More recently, British Pat. Nos. 1,263,151 and 1,263,152 teach an improvement over the aforesaid U.S. patents by using a polymerization temperature below about 130.degree. C. and acyl peroxide as the initiator, as opposed to the alkyl peroxide, tert. butyl peroxide, and higher temperatures used by the aforesaid U.S. patents. By the technique of said British patents, it was found that the amount of ethylene branching was considerably reduced and copolymers produced by this method were generally superior pour point depressant and flow improvers to prior art copolymers prepared at higher temperatures with alkyl peroxides. Specifically, copolymers prepared with alkyl peroxides and high temperatures, while very effective in treating distillate fuel oil to lower the pour point, frequently result in wax crystals having large particle sizes ranging from one millimeter up to an inch in their largest dimension, depending upon the exact nature of the distillate oil, e.g., crude source, narrowness of the boiling range, etc. While the treated distillate oil containing these large wax crystals exhibits a pour point significantly under the original pour point of the untreated oil, in many cases, the large wax crystals will tend to plug filter equipment and lines normally used on delivery trucks and fuel oil storage systems when the oil is cooled below its cloud point, even though above its pour point.

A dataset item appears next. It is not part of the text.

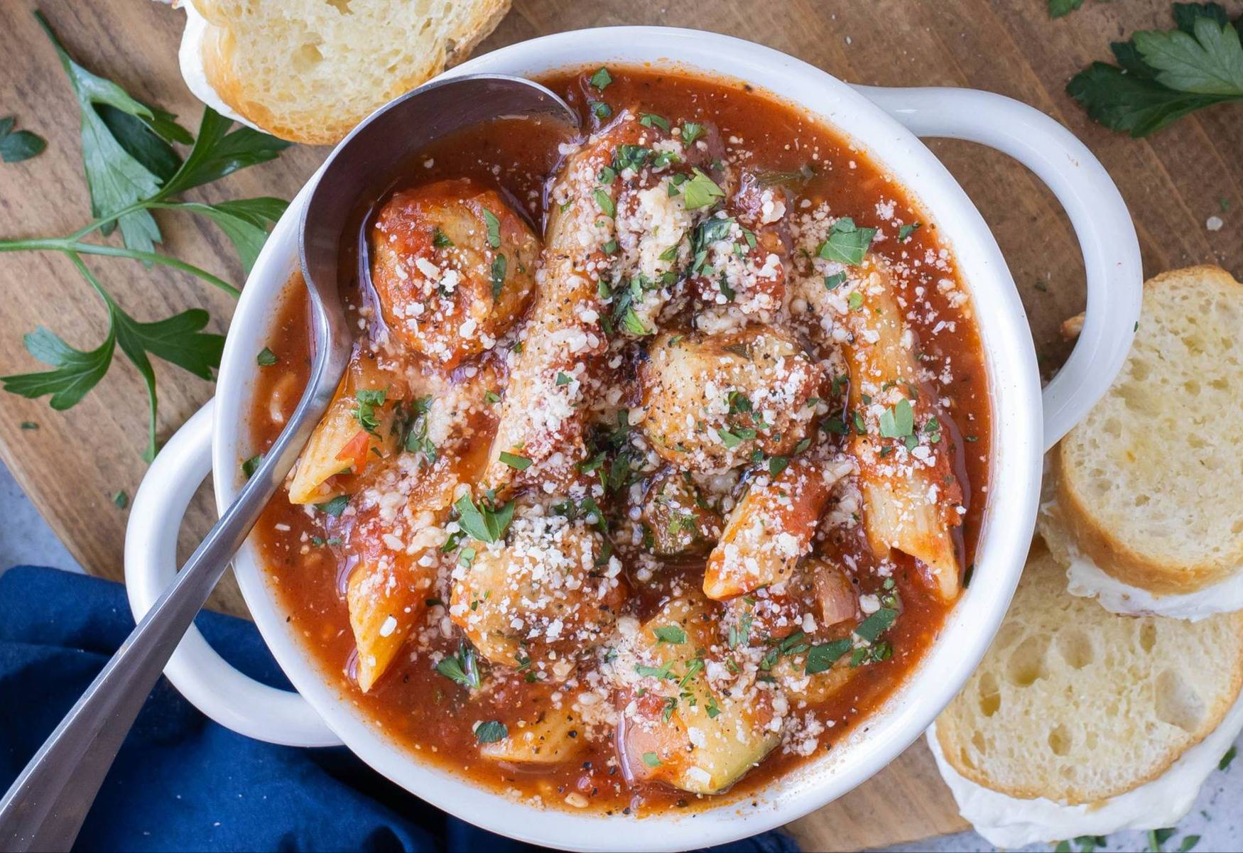 With juicy meatballs, penne pasta, a savory tomato broth, and plenty of parmesan cheese, it’s got all the best parts of Chicken Parmesan in a quick and easy-to-make soup.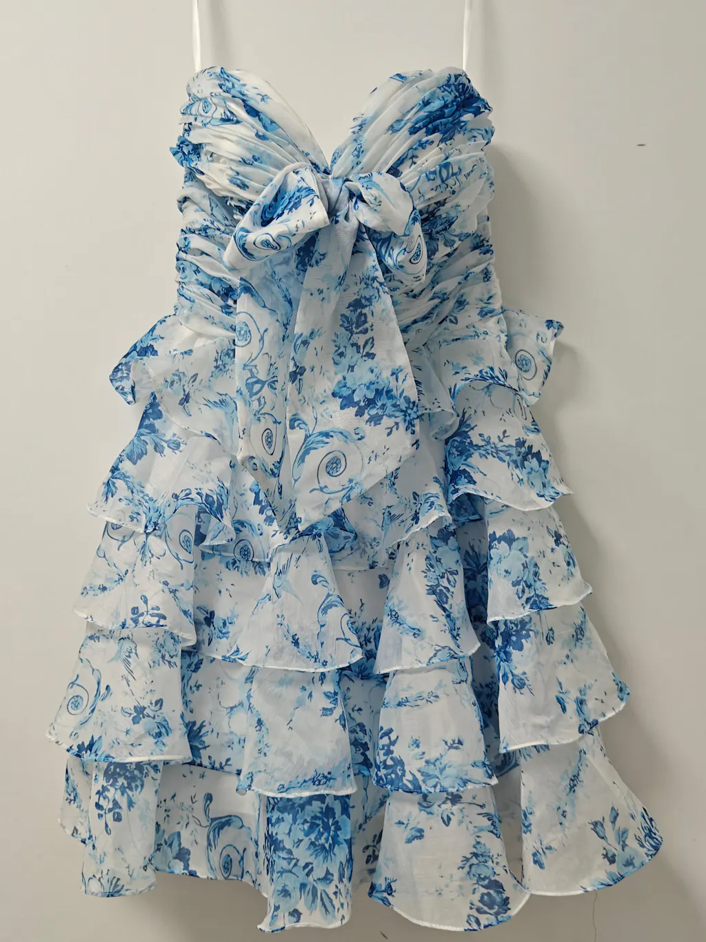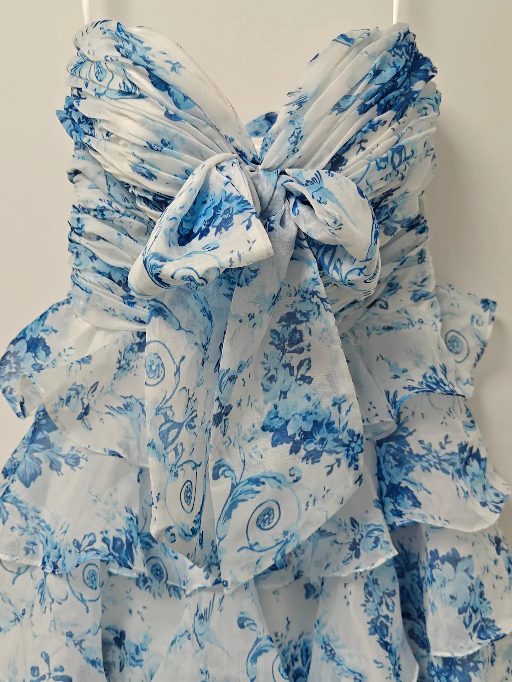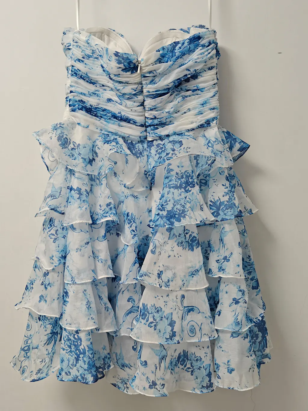 White Blue Flower A Line Strapless Tiered Short Homecoming Dress with Bow

Thus, as the oil containing the pour point depressant is cooled, the cloud point (the point at which the oil becomes cloudy due to crystallization of wax) will generally be reached at a temperature significantly above the pour point (the point at which the oil can no longer conveniently be poured). As a result, oils below their cloud point and above their pour point will be pourable, but at the same time the wax crystals that have formed, if too large, can result in plugging the aforesaid filter equipment. Copolymerizing ethylene and vinyl acetate at a low temperature with the acyl peroxides of said British patents was able to give the good pour point reduction and in addition form smaller wax crystals during cooling of the treated oil.